Energy decay of a viscoelastic wave equation with variable exponent logarithmic nonlinearity and weak damping

TL;DR

This paper analyzes the energy decay behavior of solutions to a viscoelastic wave equation with variable exponent logarithmic nonlinearity and weak damping, providing explicit decay rates and extending previous results to broader conditions.

Contribution

The study establishes explicit decay results and refines decay estimates for a viscoelastic wave equation with variable exponents and nonlinear damping, extending prior work to more general conditions.

Findings

Derived explicit general decay rates under mild conditions.

Obtained refined decay estimates improving existing results.

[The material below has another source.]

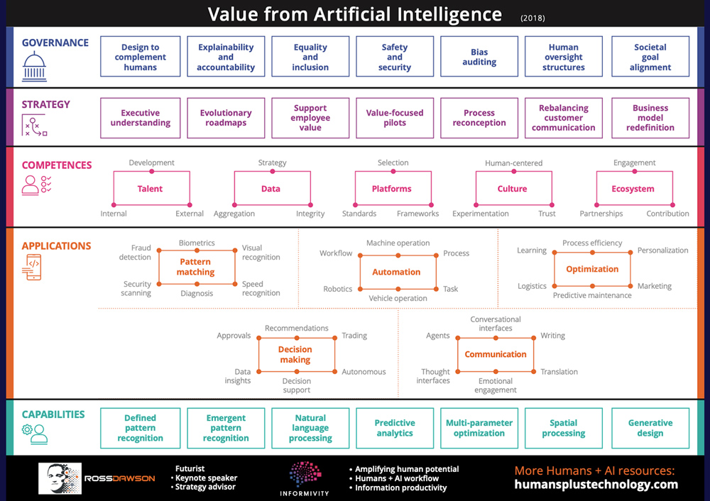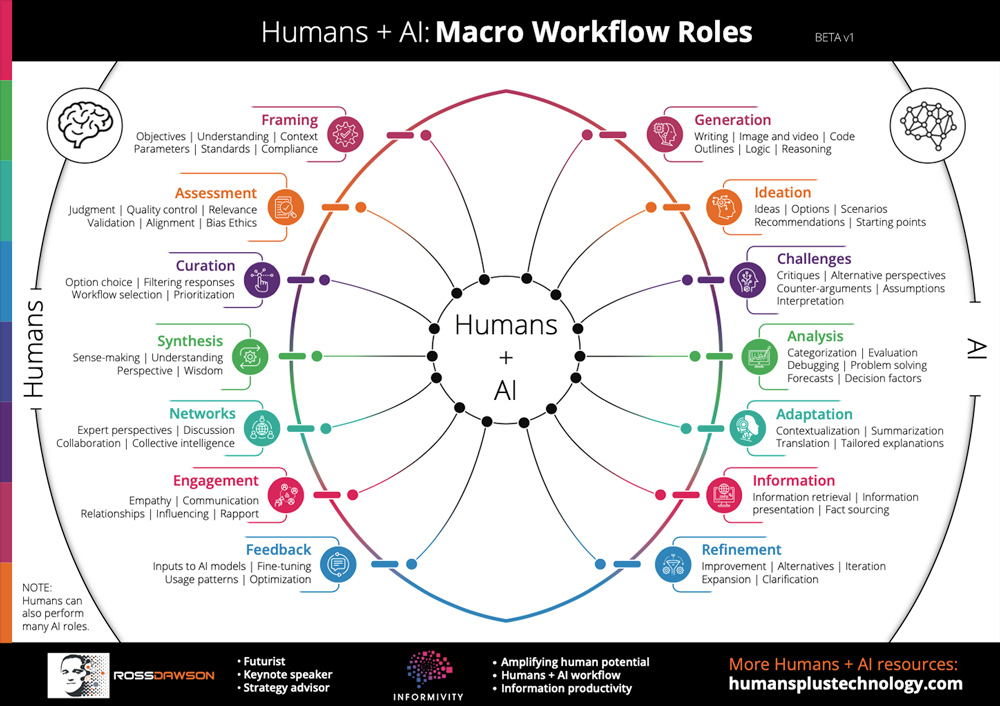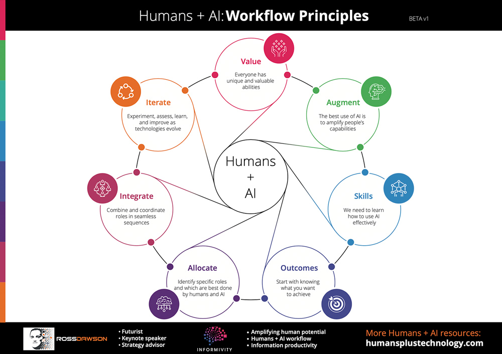 Ross Dawson is a globally recognized futurist, keynote speaker, entrepreneur and bestselling author. He has been researching the impact of artificial intelligence on work and society for over two decades, with his prescient 2002 book Living Networks exploring themes including AI-based agents. He is founder of numerous companies, including Humans + AI startup Informivity and AI interface app ThoughtWeaver.

Extended decay rate analysis to cases with $1 \\leq q < 2$, beyond previous limits.

Abstract

In this paper, we investigate the energy decay of the solution to a viscoelastic wave equation with variable exponents logarithmic nonlinearity and weak damping in a bounded domain. We establish an explicit general decay result under mild conditions on the relaxation function $g$. Furthermore, under the general assumption $g'(t)\leq-\zeta(t)G(g(t))$ with some suitably given $\zeta$ and $G$, we derive a refined decay estimate improving existing results. In particular, uniform exponential and polynomial decay rates are obtained under a further special situation $g'(t)\leq-\xi(t)g^q(t)$ with $1\leq q<2$, extending earlier studies that were restricted to the case $1\leq q<\frac{3}{2}$.